Exercise specialist suggests switching post-workout stretching to pre-sleep routines
Sleep's no time for snoozing when it comes to stretching, apparently. According to flexible guru and ex-CrossFit athlete Cody Mooney, that prime stretch time is right before you hit the hay.
As the co-owner of mobility-focused brand Pliability, Mooney's busy drilling fitness enthusiasts on how they can improve their overall flexibility. His secret? A pre-bed nighttime routine, not the usual deep sleep, but long, lingering stretches that let your muscles really unwind.
"Bedtime has always been the best time for me," Mooney confided in Fit&Well. With a gym schedule that's jam-packed, he doesn't have time for a lengthy cool-down session post-workout. "When I'm exercising, I'm there to get a good sweat in. I prefer to wrap things up and move on," he admits.
With higher flexibility, though, Mooney says he's consistently managed to stick to his stretching practice, making it part of his nightly routine. You can join him with these simple, sleep-inducing moves:
My easy-breezy pre-bed stretching routine
Mooney recommends passively holding each pose for a good two to three minutes, allowing gravity and time to loosen tight muscles. So kick off those shoes and settle in for some restful stretching.
Stretch #1: The Pigeon
- Start by kneeling on all fours, then stretch one shin across your body at a comfortable angle. Extend your opposite leg behind you while lowering your pelvis. Lean forward onto your forearms for a deeper stretch or stay upright on your hands. Your glutes and hips will gradually sink deeper as they relax. Switch sides after 2-3 minutes.
Stretch #2: Puppy Dog
- Kneel on your hands and feet, with knees wide and feet close. Keep your hips high above your knees and extend your arms forward, palms flat on the floor. Lower your chest, resting your chin or forehead on the floor. Hold the stretch and breathe deeply.
Stretch #3: Saddle
- Move back onto your hands and knees. Sit back onto your heels, keeping your body tall, and slowly lower your body as low as you can. Hold a comfortable position and breathe deeply.
Stretch #4: Thread the Needle
- Thread one arm across your body, resting your shoulder on the floor, and rotate your torso to deepen the twist through your mid and upper back. Hold for 2-3 minutes, then switch sides.
Stretch #5: Knee Hug
- Lie on your back and hug your knees into your chest, letting go of any tension. This can help ease away the stresses of the day, making sleep a breeze.
Just like working out, flexibility takes time. Be patient with yourself, let go, and let your muscles stretch out for a healthier and more restful night's sleep.

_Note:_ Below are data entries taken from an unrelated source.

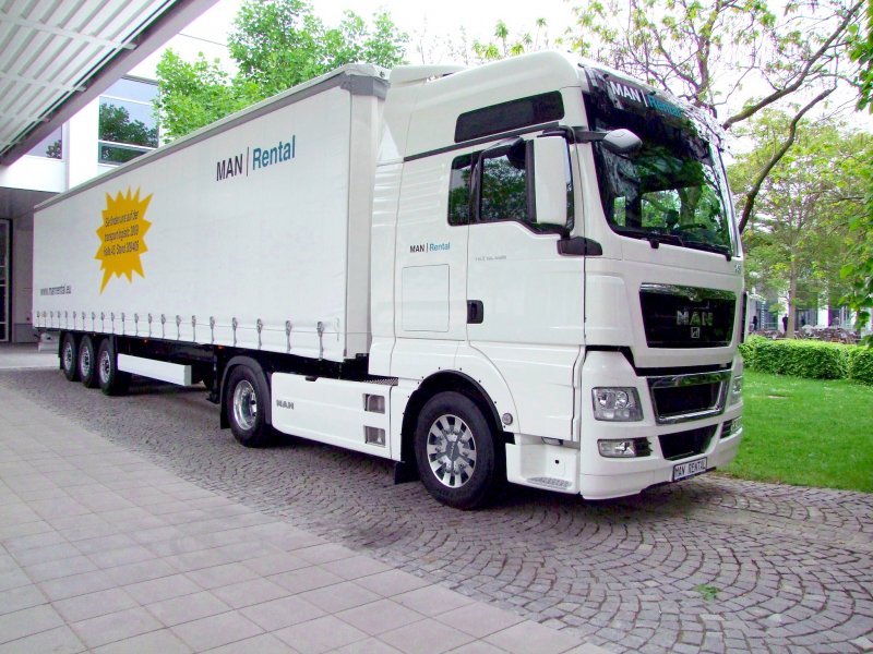 MAN_TGX18.680(Rental) ist zwischen zwei Hallen in München anlällich der TransportLogistic ausgestellt; 090515
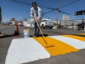 El titular de Vialidad en Delicias, Erick Rodríguez, informó que se han intensificado los trabajos de aplicación de pintura en cruces peatonales y vialidades de la ciudad, como parte de las acciones derivadas del recurso participativo y de las solicitudes realizadas por la ciudadanía a través de distintos medios de comunicación.
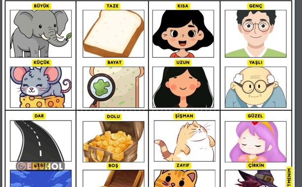 Deftere Yapıştırmak için Zıt Anlamlı Kelimeler Görsel Çalışması ( 1)
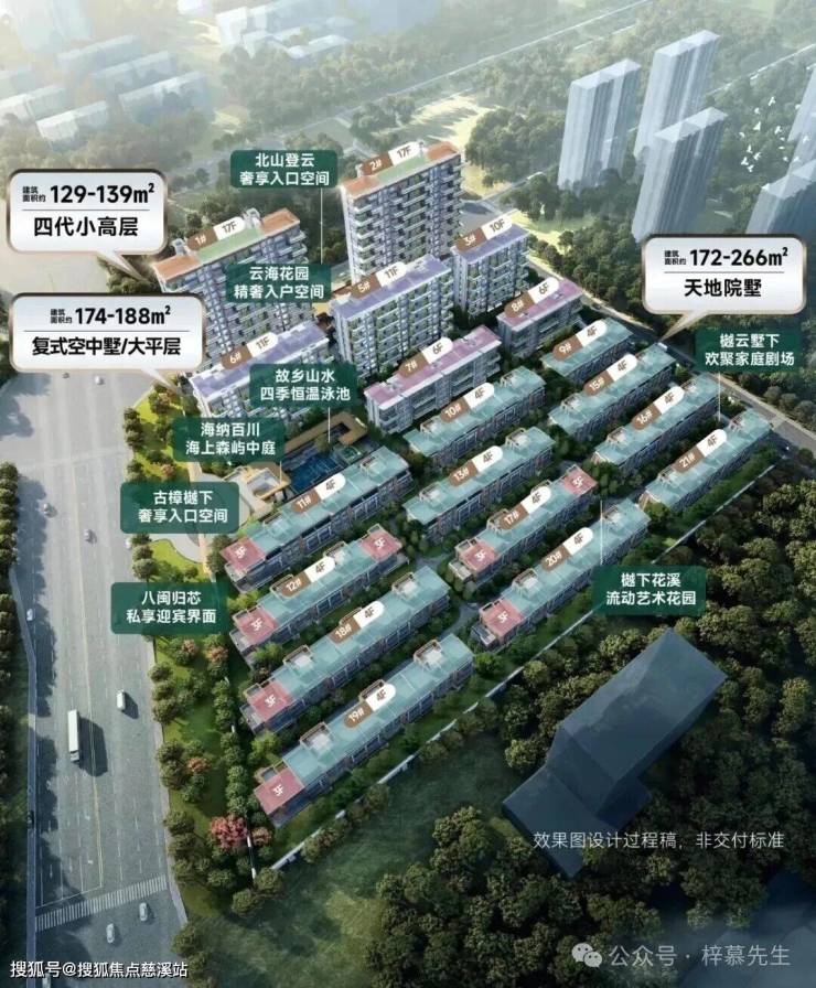 国贸樾云墅容积率仅1.5,建面约129-266平的4.0低密传世四代墅,分四代小高层(17F)、复式空中墅/大平层(10-11F)、天地院墅(3-6F)等产品形态,不再有高层,也没有小户型,通透采光,圈层纯粹。
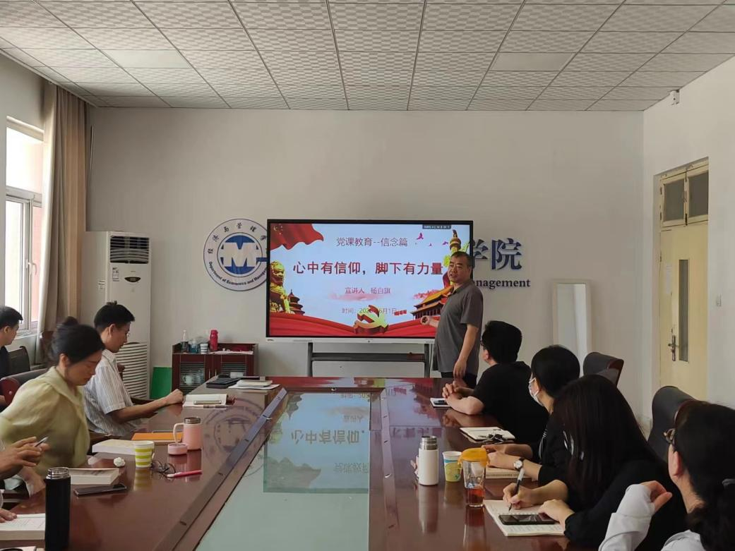 为深入学习贯彻习近平新时代中国特色社会主义思想,进一步提升党员队伍整体素质水平,增强基层党组织战斗堡垒作用,6月1日下午,我院组织开展“书记讲党课”活动,学院党委书记杨自旗以“心中有信仰,脚下有力量”为主题,为全院教师党员干部上了一堂生动的党课。
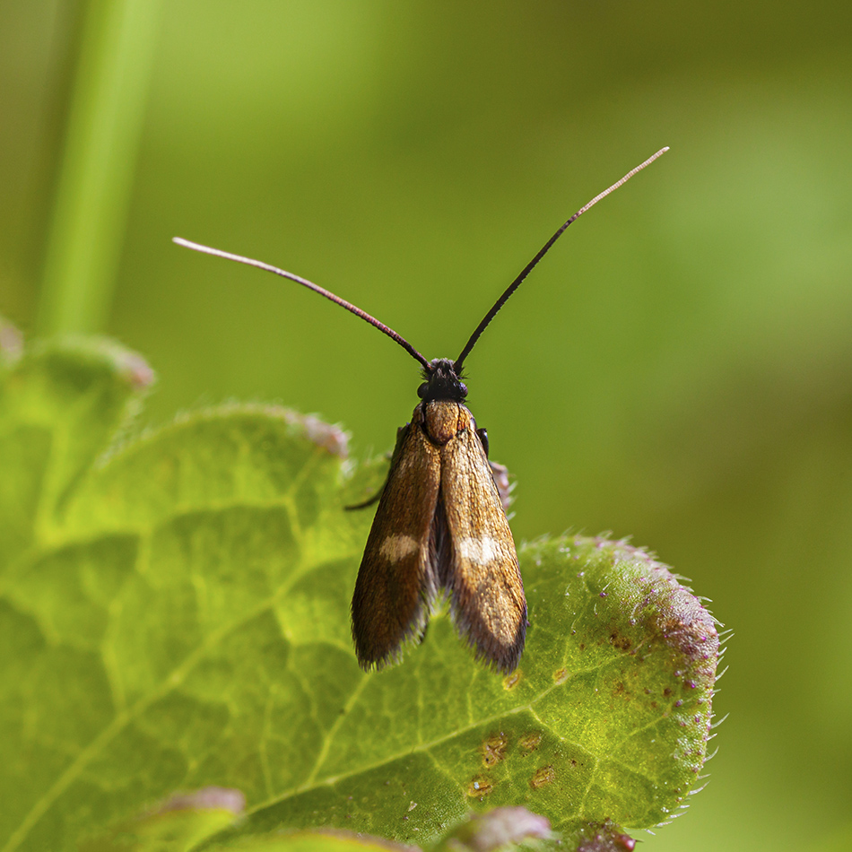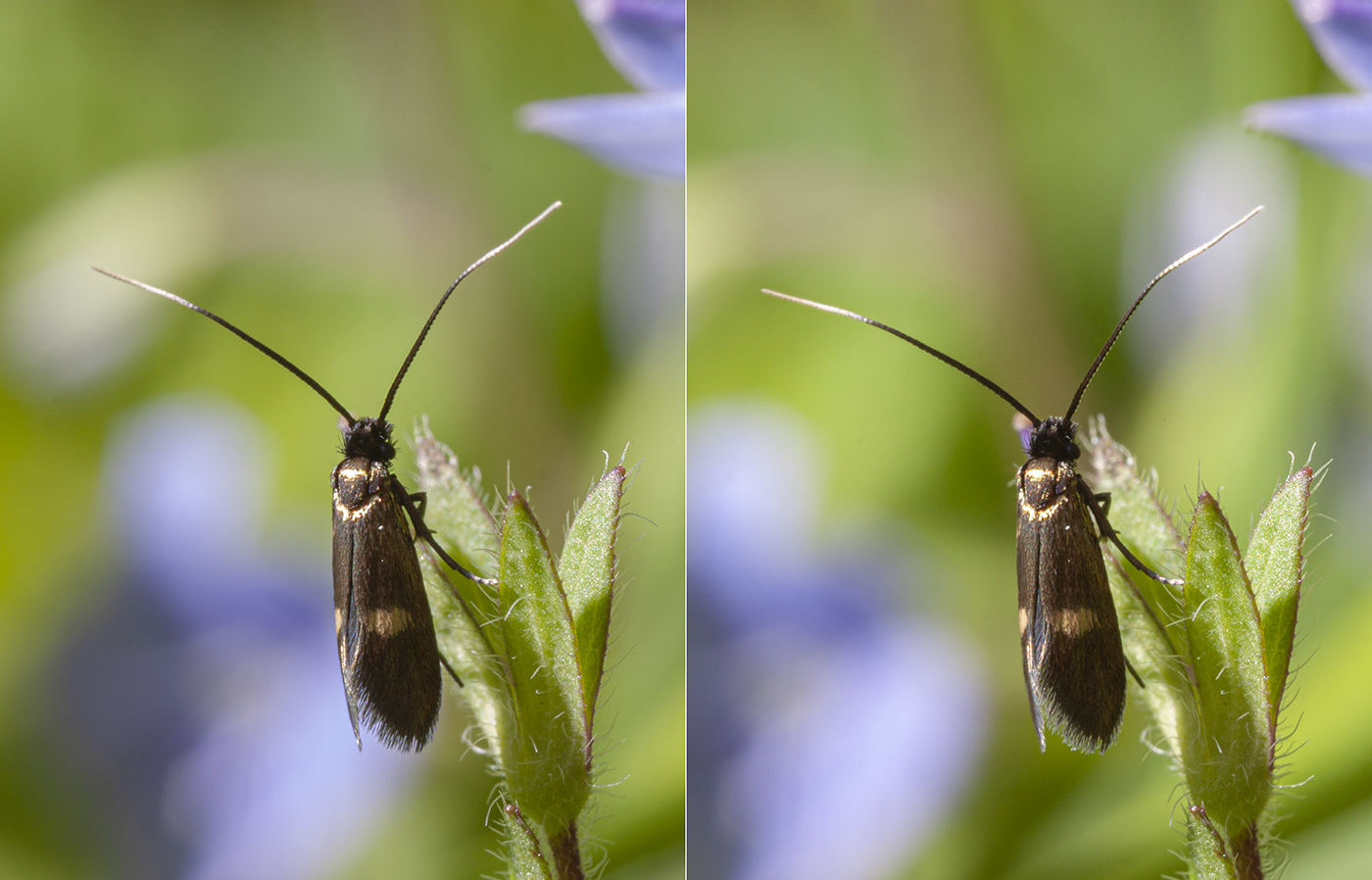 Как видно на фото, цвет крыльев этих молей (от темно-серого и коричневого до золотистого) сильно зависит от направления падающего света. И здесь как со снежинками - все знают, как снег искрится, но сфотографировать эти искорки не просто!
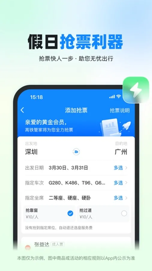• 24-hour booking, anytime and anywhere to buy train tickets, high-speed rail tickets, student tickets, and child tickets
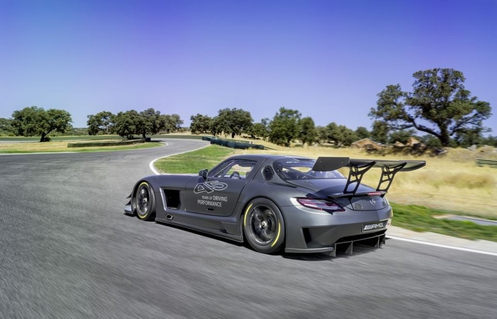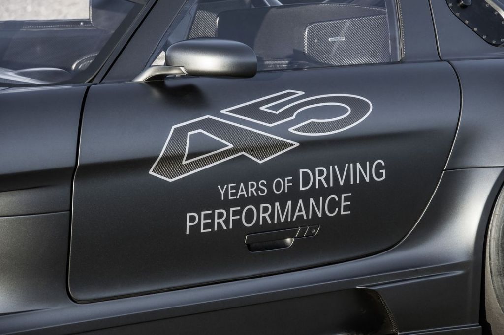 Aby należycie uczcić swoje 45-lecie, AMG zafundowało swoim (najbogatszym) klientom limitowaną edycję wyścigowego SLS-a AMG GT3. Samochód wyróżniono z zewnątrz specjalnie przygotowanym, matowym lakierem i unikalnymi felgami, wewnątrz zaś aplikacjami z włókna węglowego i klatką bezpieczeństwa polakierowaną w tej samej barwie, co nadwozie. Produkcję Mercedesa SLS AMG GT3 45th Anniversary ograniczono do zaledwie pięciu sztuk.
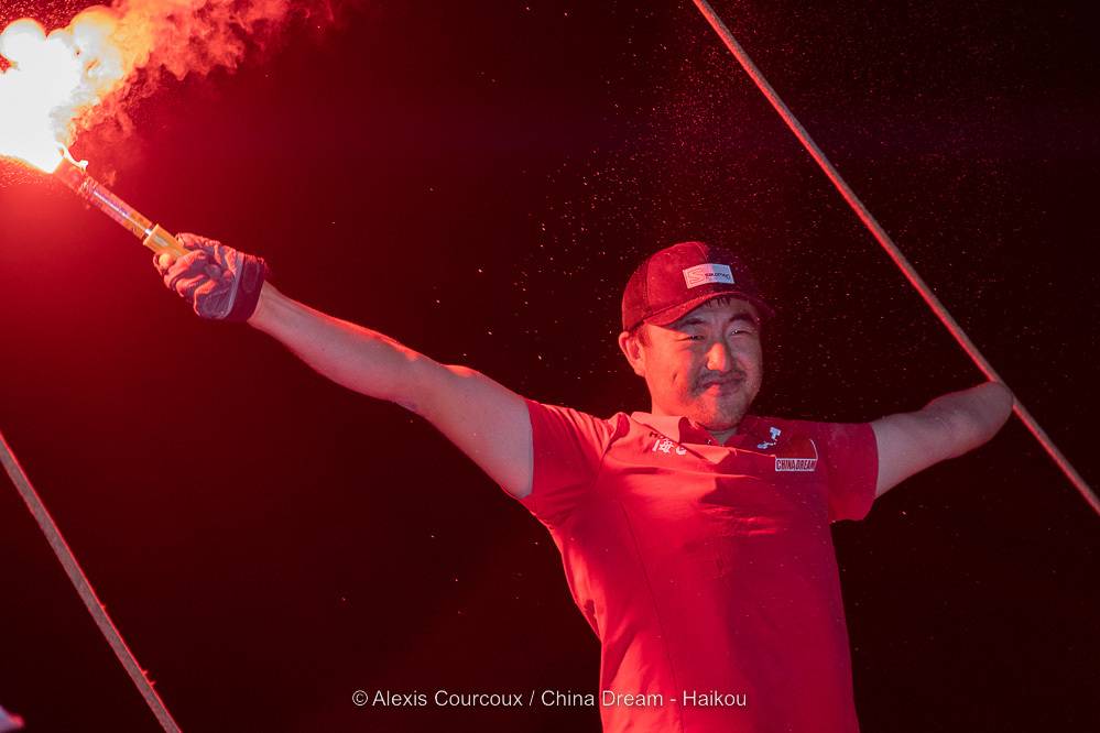 当“海口号”穿越终点线的那一刻,徐京坤激动地唱了起来,很快便成为了港口华人们的大合唱:“在我心中,曾经有一个梦……”音乐萦绕,当地华人华侨代表带着国旗来到现场助威,一起喊出“中国力量,值得被世界看见”。
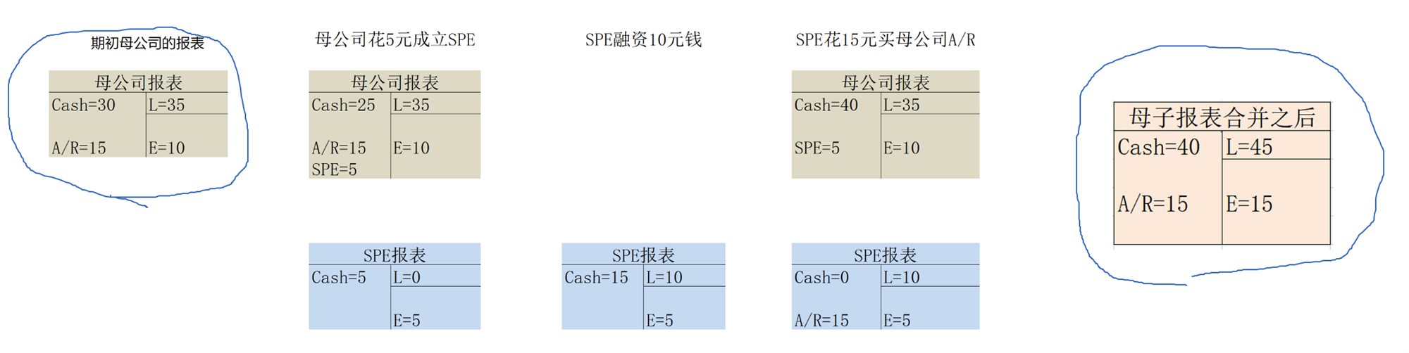 2,如果SPE和母公司报表一旦合并,那么就等于母公司自己去银行借钱(如图)

- Cody Mooney, a yoga enthusiast and co-owner of the mobility-focused brand Pliability, suggests incorporating flexibility workouts into your nighttime routine for better health and wellness.
- While he acknowledges that post-workout cool-down sessions can be long, Mooney finds bedtime to be the perfect opportunity for stretching, which has helped him maintain flexibility over the years.
- According to Mooney, science backs up the benefits of flexibility for fitness-and-exercise, arguing that consistent stretching can lead to a more restful night's sleep, making it an integral part of any health-and-wellness regimen.